- **Data shown**:
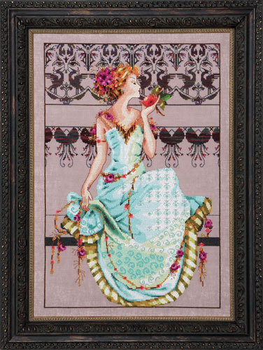 PersephoneMirabilia Persephone kit: Like the lotus flowers behind her, with their blooms growing up from the darkness, Persephone emerges from the underworld once a year to return to her mother Demeter and herald the beginning of spring. Surrounded by cranes, symbols of happiness, good fortune, and longevity, she embraces the beauty of the Victorian era in her aquamarine gown while she contemplates the luscious pomegranate and the coming harvest.
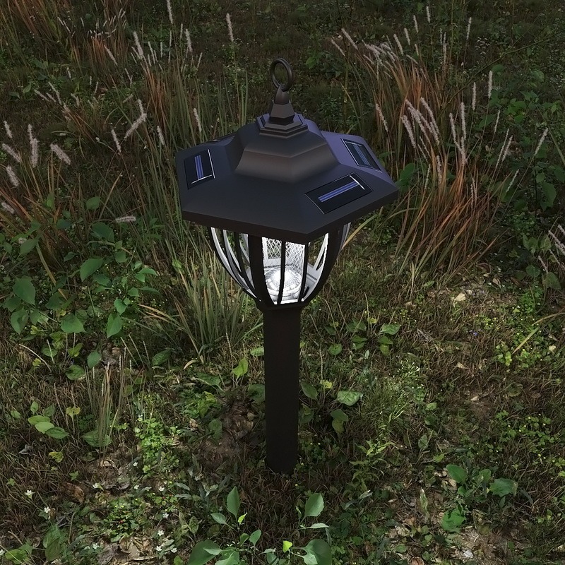 Антимоскитный садовый светильник сочетает сразу два устройства в одном: уничтожитель летающих насекомых и светильник для подсветки газонов, цветников и дорожек. Принцип действия электрического уничтожителя насекомых (комаров, мошкары) – основан на использовании ультрафиолетового излучения в специальном диапазоне (350-400 нм). Многие летающие насекомые весьма чувствительны к данному диапазону УФ-излучения и он привлекает их. Подлетая к лампе, насекомые замыкают собой прутья металлической решетки под напряжением и погибают от электрического разряда. Решетка защищена от случайного прикосновения, поэтому устройство безопасно для человека и домашних животных.
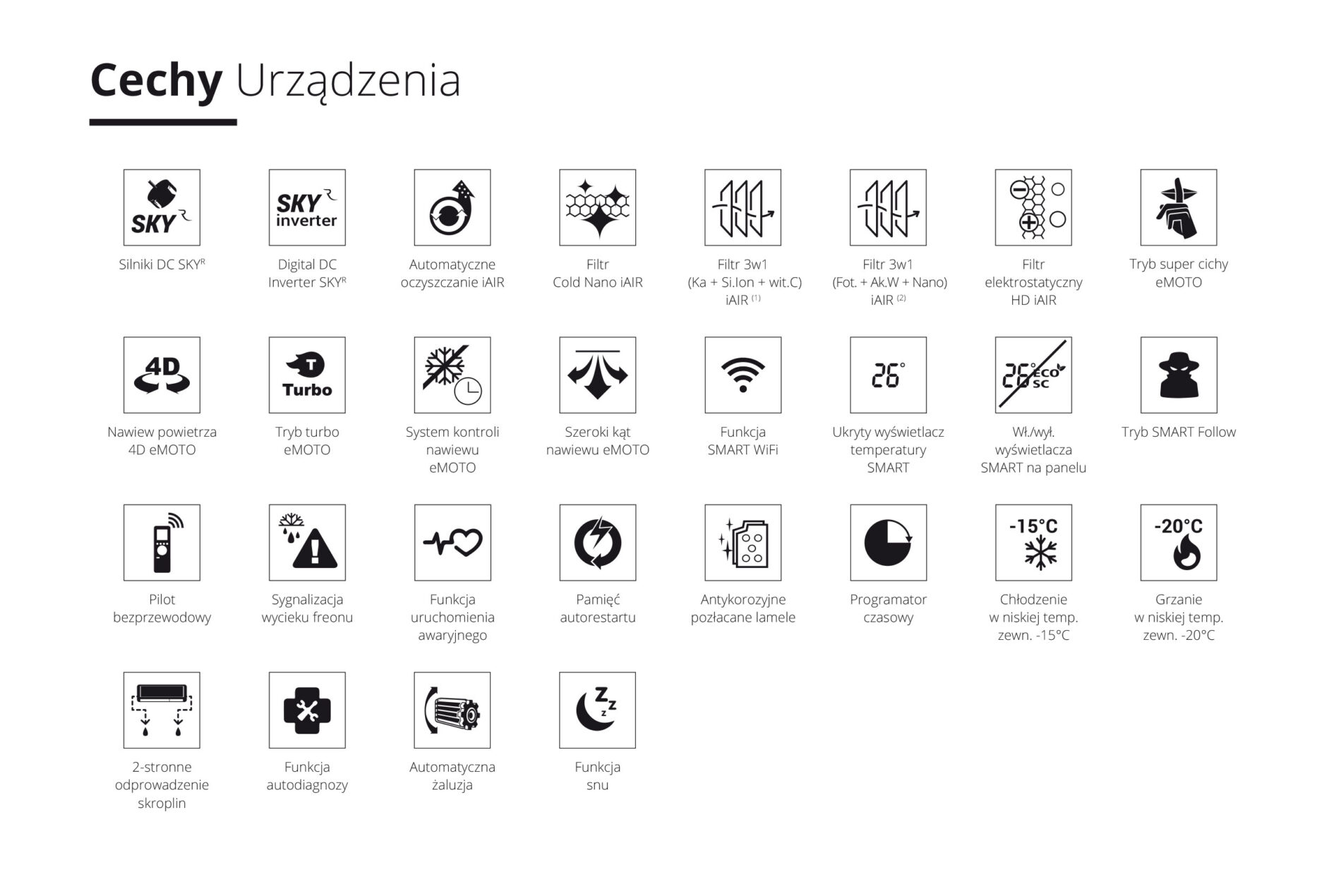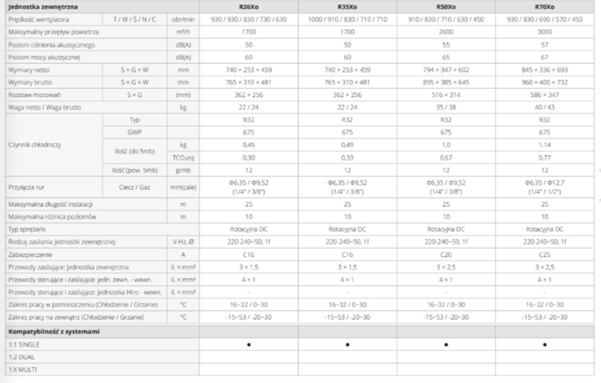 - Typoszereg klimatyzatorów z tej serii:
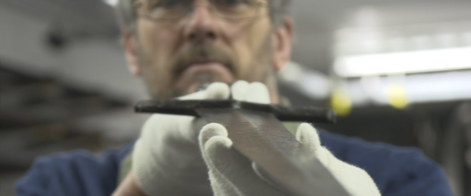 Die Schwerter von CastillonDer Archäologe Tim Sutherland untersucht ein Castillon-Schwert, Sammlung der Royal Armouries, Leeds, England.Bild: © / zdf (C)HISTORY Photocredit Mandatory, Editorial Use Only, No Archive, No Resale

- **Exercise requirements**: Print every line of the listing exactly, please, and leave the images out.

- **Result of the exercise**:
 PersephoneMirabilia Persephone kit: Like the lotus flowers behind her, with their blooms growing up from the darkness, Persephone emerges from the underworld once a year to return to her mother Demeter and herald the beginning of spring. Surrounded by cranes, symbols of happiness, good fortune, and longevity, she embraces the beauty of the Victorian era in her aquamarine gown while she contemplates the luscious pomegranate and the coming harvest.
 Антимоскитный садовый светильник сочетает сразу два устройства в одном: уничтожитель летающих насекомых и светильник для подсветки газонов, цветников и дорожек. Принцип действия электрического уничтожителя насекомых (комаров, мошкары) – основан на использовании ультрафиолетового излучения в специальном диапазоне (350-400 нм). Многие летающие насекомые весьма чувствительны к данному диапазону УФ-излучения и он привлекает их. Подлетая к лампе, насекомые замыкают собой прутья металлической решетки под напряжением и погибают от электрического разряда. Решетка защищена от случайного прикосновения, поэтому устройство безопасно для человека и домашних животных.
 - Typoszereg klimatyzatorów z tej serii:
 Die Schwerter von CastillonDer Archäologe Tim Sutherland untersucht ein Castillon-Schwert, Sammlung der Royal Armouries, Leeds, England.Bild: © / zdf (C)HISTORY Photocredit Mandatory, Editorial Use Only, No Archive, No Resale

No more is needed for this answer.